Legal information is not legal advice. We strongly recommend you consult an attorney for professional assurance that our information, and its interpretation, is appropriate to your particular situation.
This section is a work-in-progress and subject to revision.
When negotiations fail, it may become necessary to file a lawsuit. It should be considered a last resort: litigation is time consuming, stressful and expensive.
Every war is a war of economics. Filing a lawsuit requires a financial commitment that can cost several thousand dollars. If you and nearby neighbors are dealing with the same noise problem, the legal costs can be shared, but if they later decline to continue, you can inherit the legal costs. If you later win the case, they essentially benefit at your expense.
Your warchest will be pitted against a noisy neighbor or business that could have greater financial resources than you. Threatening a lawsuit can backfire if you do not have the financial means to follow through.
Hiring the right attorney is the most important step. You qualify the attorney by learning what past cases they handled, such as neighbor disputes, homeowners and land use rights. An unqualified attorney will cost you time and money as they essentially will be learning on the job in handling your case. Their mistakes will also cost you.
You can check references by requesting the contact information of past clients with similar cases. If the attorney is not willing to provide references, find another attorney.
An initial consultation may cost about $100 and if you hire the attorney, it will then require a retainer fee (money that is paid in advance each month for billable time) of at least $1,000.
The first course of action your attorney will take is a written letter (sent via registered courier) to the defendant advising them you have retained the services of an attorney and your intentions to file suit if they do not abate the noise.
Depending on the noise problem, the attorney can file a civil suit on the basis that the defendant is causing a public nuisance. The specifics of proving a case includes:
- Description of the noise problem
- Chronology of when the noise started, days and times the noise occurs
- Police reports
- Medical and psychological research describing the adverse effects of noise
- Noise measurement readings
- Existing community noise ordinances, zoning and variances
An acoustics professional can provide sound measurement reports and expert witness testimony to prove a noise problem in court. In a civil dispute, the burden of proof is on the plaintiff to prove that the noise caused by the defendant is creating a public nuisance or violates the noise ordinance.

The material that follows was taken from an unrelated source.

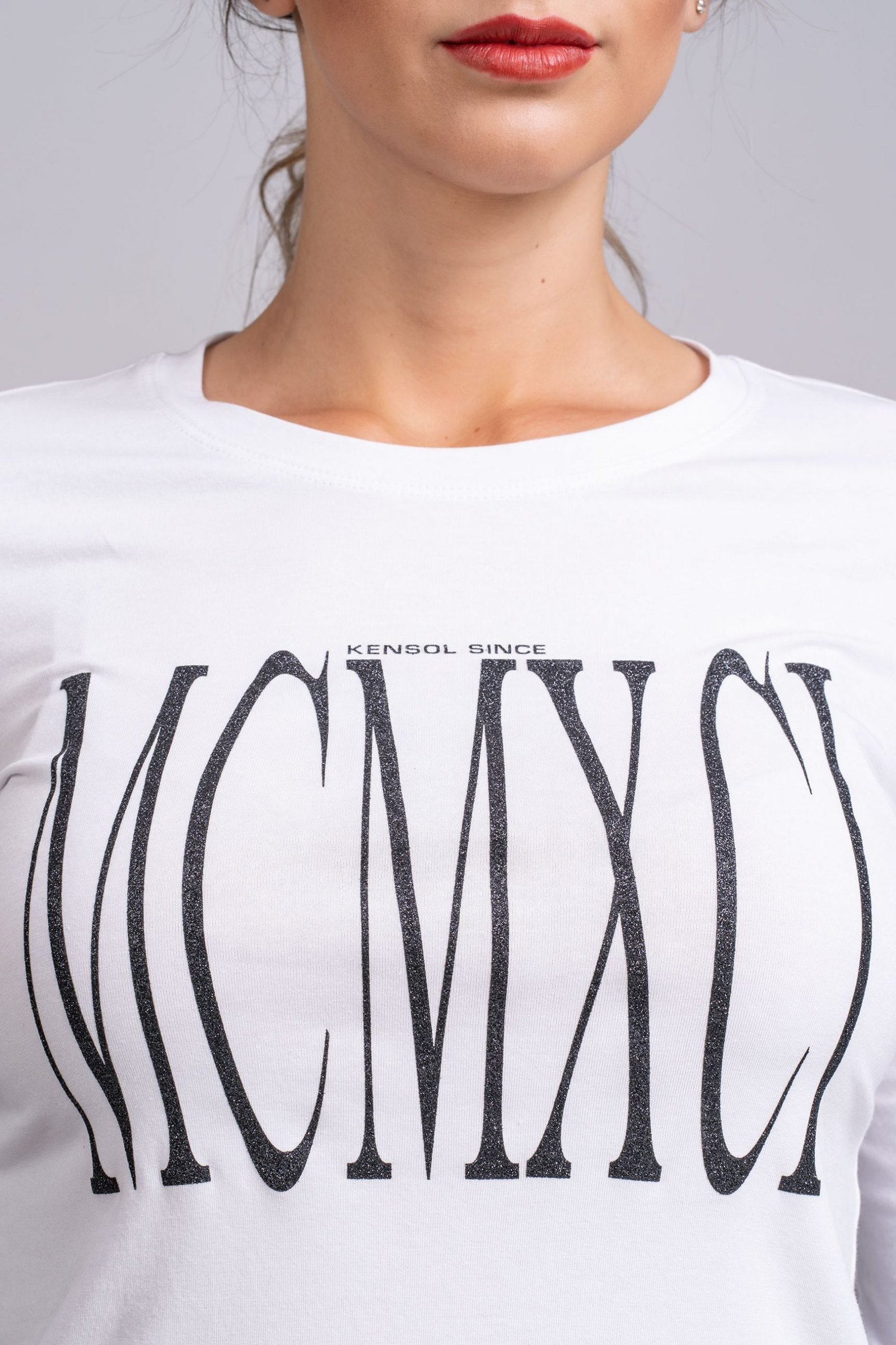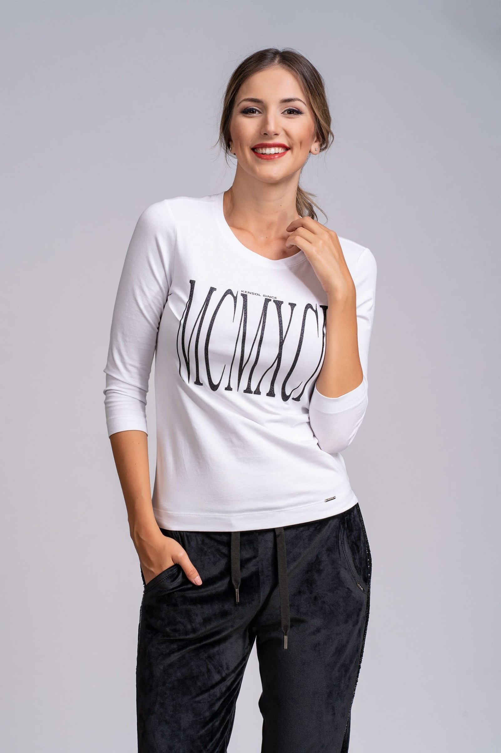 Блуза от трико памук с 3/4 ръкав и ефектен надпис с брокат.
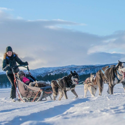 A 10km husky sleigh ride is an exciting way to explore the snowy landscapes of Lapland. You'll fall in love with these wonderful creatures and stunning scenery!

The consultant surreptitiously measures the sound using a decibel meter and specialized recording equipment. A written report is later submitted to the court and additional expert testimony as required.
Because many jurisdictions have a subjective nuisance code, a professional measurement can demonstrate that the noise violates the sound level limits of the code.
Regardless of existing community standards for noise levels, proving a case is often more than measuring the volume, duration and intensity of sound coming into the property. It's proving how the noise is impacting the use and enjoyment of the property itself, such as being able to open a window, sit in the backyard, and to sleep at night.
A psychologist can provide expert research and testimony in describing the adverse effects on noise and help interpret noise measurements attributed to the specific case.
In proving a case, affidavits or depositions from other affected neighbors is obtained.
A Montana family was dealing with a neighbor that installed a motocross track. The noise levels and dust from the motorcycles were so great that the family had to abandon their home during race meets. The neighbor chose to ignore complaints about the track.
The family filed a lawsuit against the neighbor. In addition to hiring an attorney, the family also hired a consultant to create a report that included statements of individuals affected by the property, photographs of the offending property and noise measurements.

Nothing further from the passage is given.